Ein wesentliches Problem der aktuellen Statistik ist die weiterhin fehlende Transparenz. Während Tierschutzorganisationen die gesamte Zahl der Tiere – einschließlich der Überschusstiere und der für Organentnahmen getöteten Tiere – betrachten, heben Behörden bevorzugt die Zahl der in Versuchen eingesetzten Tiere hervor. Dadurch entsteht der Eindruck eines deutlicheren Rückgangs, als es sich aus der Gesamtbetrachtung der Zahlen ergibt. Hinzu kommt, dass Tiere, die während des Transports oder in Zuchtbetrieben versterben, sowie die meisten wirbellosen Tiere weiterhin gar nicht erfasst werden.

Während die Belastung der Tiere in Versuchen leicht zurückgegangen ist, erlitten 2023 immer noch über 50.000 Tiere schweres Leid. Eine Auswertung des Ärztevereins zeigt allerdings, dass das Leid der Tiere oft heruntergespielt wird und selbst sehr leidvolle Versuche als mittel oder gering belastend eingestuft werden. Zudem machen Versuche für die zweckfreie Grundlagenforschung weiterhin den größten Anteil aus: 852.209 Tiere (58,5 %) wurden allein in diesem Bereich verwendet – eine Zunahme um 3 % im Vergleich zum Vorjahr.

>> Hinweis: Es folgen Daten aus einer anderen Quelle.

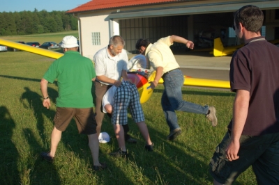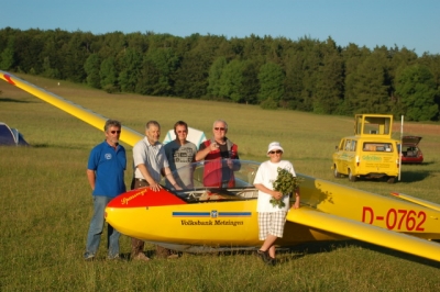 Am Samstag den 13.06.09 durfte auch Max Wörner das erste mal alleine fliegen. Die drei Starts und Landungen absolvierte er souverän. ![]() Mama Sandra fiebert mit! ![]() Von links: Fluglehrer Reiner Gaa, Peter Sautter, Timo Kuhn und Dieter Gruschka. Noch grinst Max... ![]() Auch die obligatorische Eichung des Popometers überstand Max, so dass jetzt auch längeren Thermikflügen nichts im Weg steht. |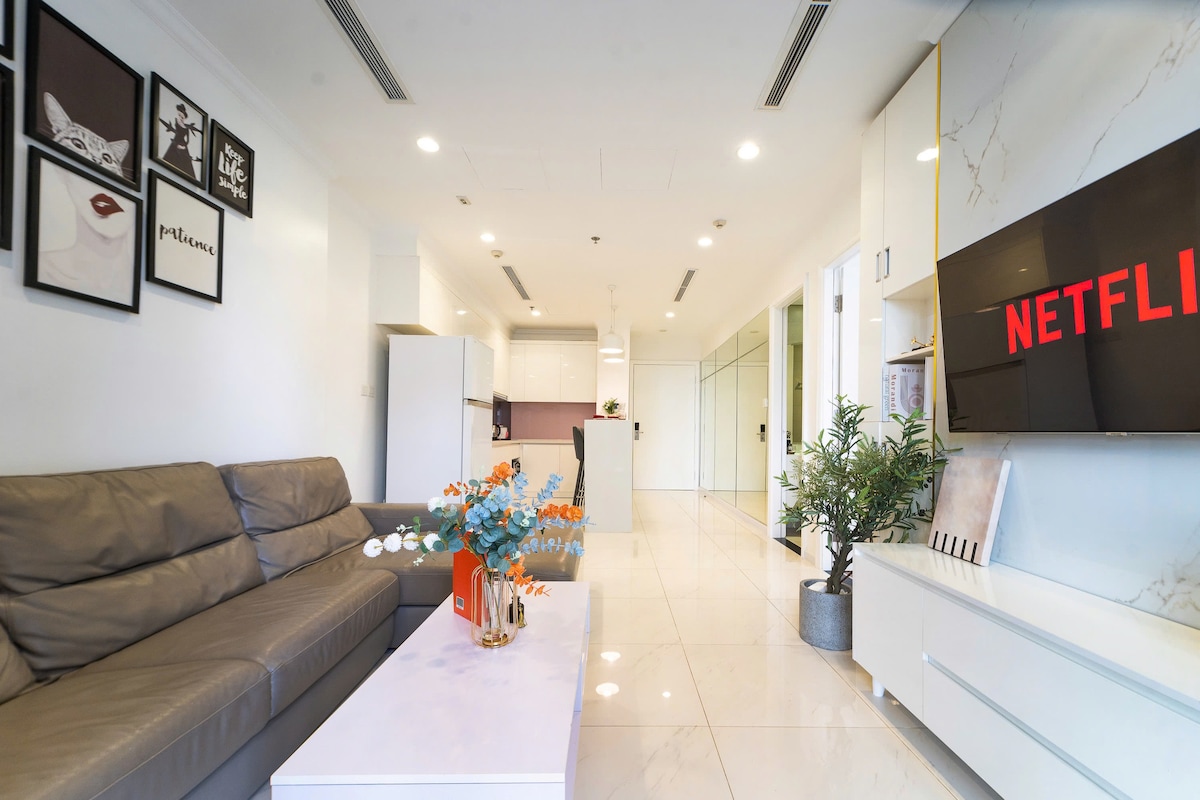 Acogedor apartamento de lujo en el sexto piso situado en una ubicación privilegiada a solo 10 minutos en coche del centro de la ciudad. Amplio apartamento de 64 metros cuadrados con todas las comodidades y espacio para hacerte sentir como en casa. Puedes tumbarte en una suave cama tamaño king para una buena noche de sueño, cocinar en la cocina, tumbarse en el sofá viendo el edificio Landmark 81 brillar por la noche o tomar una taza de café caliente en el balcón viendo el amanecer. Una lujosa piscina en la azotea, 2 mini supermercados: 7 once y Winmart. Propietario amable y servicial.

Der Rückgang der Anzahl der in Versuchen verwendeten Affen ist gesunken, von 2.267 (2022) auf 1.676. Verglichen werden seitens der offiziellen Tierversuchsstatistik des Bf3R jedoch andere Zahlen, und zwar die aus 2018: Hier gab es mit 3.324 einen ungewöhnlichen Höchststand von in Tierversuchen verwendeten Affen. Diese als Referenz genommen, ergeben einen geschönten Rückgang von 49 % an verwendeten Affen. Doch auch dies ist wenig aussagekräftig, denn gerade in diesem Bereich schwanken die Zahlen über die Jahre enorm.

Erfreulich ist die langsame, aber stetige Verbreitung tierversuchsfreier Methoden in der regulatorischen Forschung, die natürlich auch einen Anteil hat an der Reduktion der Tierversuchszahlen. Technologien wie Organchips, Zellkulturen und computergestützte Modelle gewinnen an Bedeutung und bieten vielversprechende sogenannte Alternativen. Dennoch fehlen verbindliche Fördermaßgaben und klare Vorgaben, um diese Methoden konsequent weiterzuentwickeln und einzusetzen. Hier bleibt ein hohes Potenzial ungenutzt.

„Die aktuellen Zahlen sind ein kleiner Schritt in die richtige Richtung, aber bei weitem nicht genug. Es ist an der Zeit, Tierversuche endlich als Auslaufmodell zu begreifen und stattdessen innovative, ethische und wissenschaftlich überlegene Methoden zu priorisieren“, betont Dr. Melanie Seiler, Primatologin und ÄgT-Geschäftsführerin Öffentlichkeitsarbeit.